Chief Justice John Roberts Jr. was evidently not pleased with the U.S. solicitor general, a view he made clear in a brief and pointed dissenting opinion Monday.

Roberts rarely displays annoyance with lawyers who make arguments before him or in their briefs. He is a stickler for procedure and has kept a reputation as an even-tempered justice.

In the case Myers v. United States, James Myers had filed a motion to proceed as a pauper and a petition for review. He was asking the justices whether the offense of “first-degree terroristic threatening” under Arkansas law qualified as a violent felony under the federal Armed Career Criminal Act. The U.S. Court of Appeals for the Eighth Circuit said it did qualify.

The Solicitor General's Office initially waived a response to Myers' petition, an indication that the government did not consider the petition worthy of review.

But the justices requested a response.

Noel Francisco, the U.S. solicitor general, told the high court that the Eighth Circuit correctly described the proper analysis under the Supreme Court's 2016 decision—in the case Mathis v. United States—but “applied that analysis in a manner that is inconsistent with this court's decision.”

Francisco urged the Supreme Court to grant the petition, vacate the lower court judgment, and return the dispute for a “fresh application” of Mathis.

“A remand would permit the court of appeals to consider the substantial body of Arkansas case law supporting the conclusion that the statute's death-or-serious-injury language sets forth an element of the crime,” Francisco wrote.

Noel Francisco U.S. Solicitor General Noel Francisco. (Photo: Diego M. Radzinschi/NLJ)

And that is exactly what the majority did.

Roberts, however, who was joined by justices Clarence Thomas, Samuel Alito Jr. and Brett Kavanaugh, dissented.

Roberts said that nothing had changed since the Eighth Circuit concluded that Myers' conviction for first-degree terroristic threatening qualified as a violent felony under federal law.

Roberts added: “The government continues to believe that classification is correct, for the same reasons that it gave to the Eighth Circuit.
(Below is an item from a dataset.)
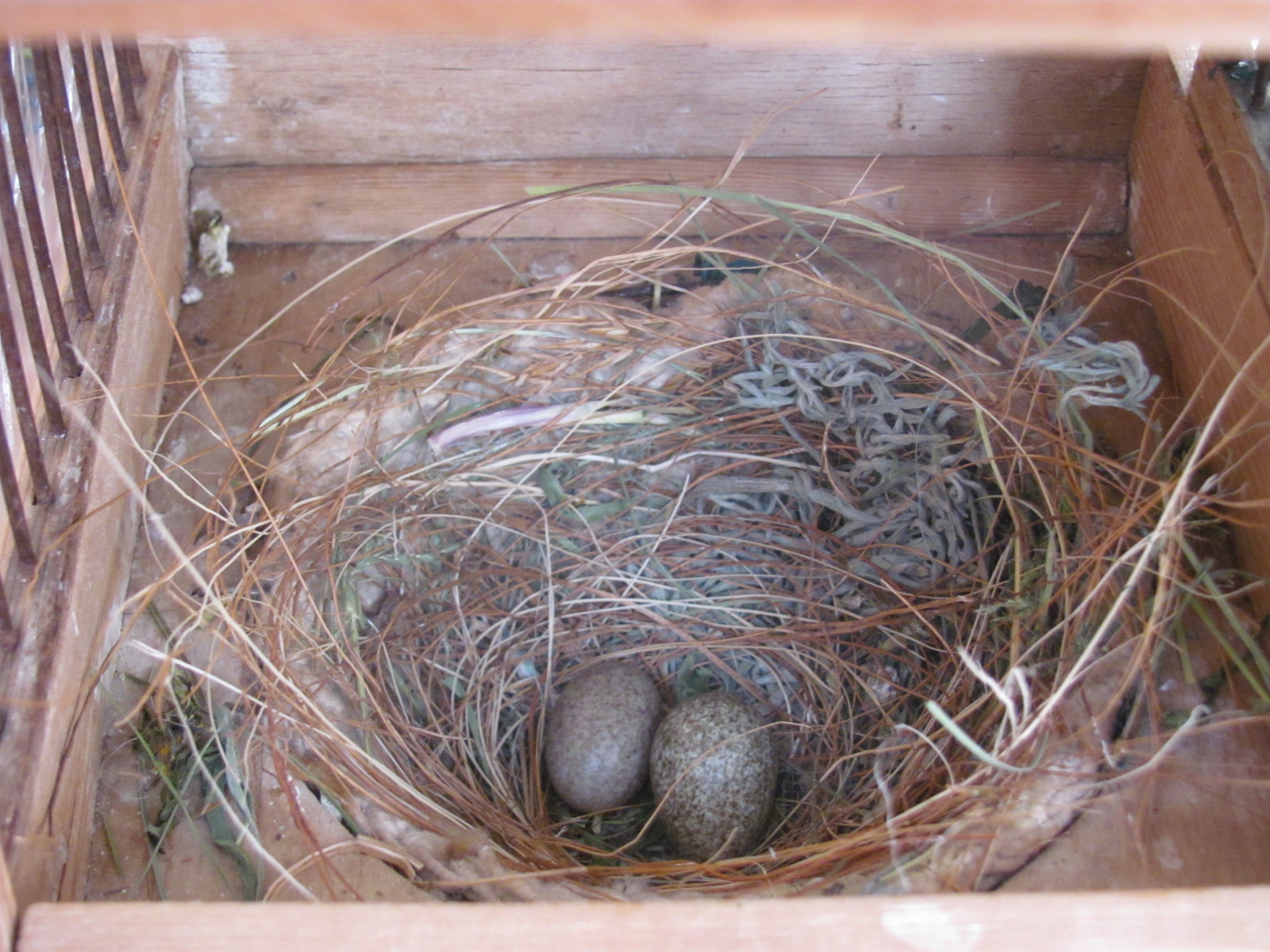 Было всего четыре кладки за год, первые две они выкинули яйца, третью она сделала на пол клетки, хотя после первого яйца я повесила им гнездовье и они начали его активно осваивать, на него в тот раз она не пошла.

But the solicitor general asks us to send the case back, and this court obliges, because he believes the Eighth Circuit made some mistakes in its legal analysis, even if it ultimately reached the right result.”
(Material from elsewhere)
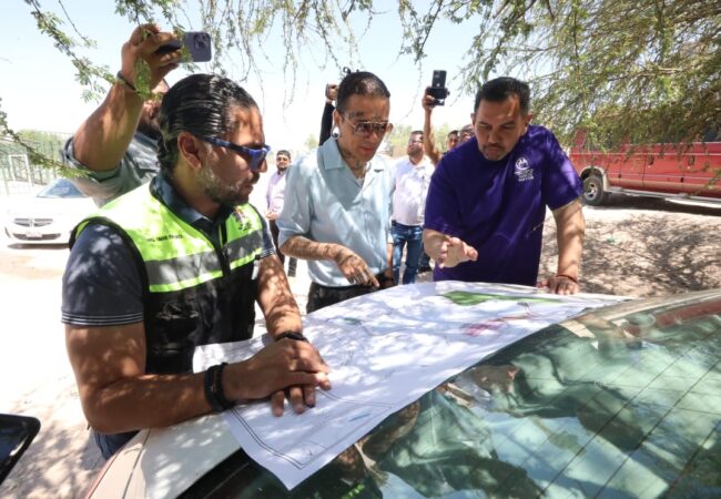 Esta mañana, el presidente municipal Cruz Pérez Cuéllar visitó la presa de Anapra, donde se contempla iniciar próximamente la construcción del nuevo Parque Norponiente, un espacio deportivo pensado para beneficio de los habitantes del sector.

The chief justice continued: “He wants the hard-working judges of the Eighth Circuit to take a 'fresh' look at the case, so that they may 'consider the substantial body of Arkansas case law supporting the conclusion that the statute's death-or-serious injury language sets forth an element of the crime,' and then re-enter the same judgment the court vacates today.”

Vacating the judgment of a lower court, Roberts said, should be done only after “affording that court the courtesy of reviewing the case on the merits and identifying a controlling legal error. This case does not warrant our independent review.”

Roberts offered advice to Francisco about what he should have done about his concerns.

“If the government wants to ensure that the Eighth Circuit does not repeat its alleged error, it should have no difficulty presenting the matter to subsequent panels of the Eighth Circuit, employing the procedure for en banc review should it be necessary.”

If Roberts was unhappy, then Myers and his lawyer, Federal Public Defender Christopher Holt of Fayetteville, had to be pleased. They get another shot at convincing the lower court of their arguments.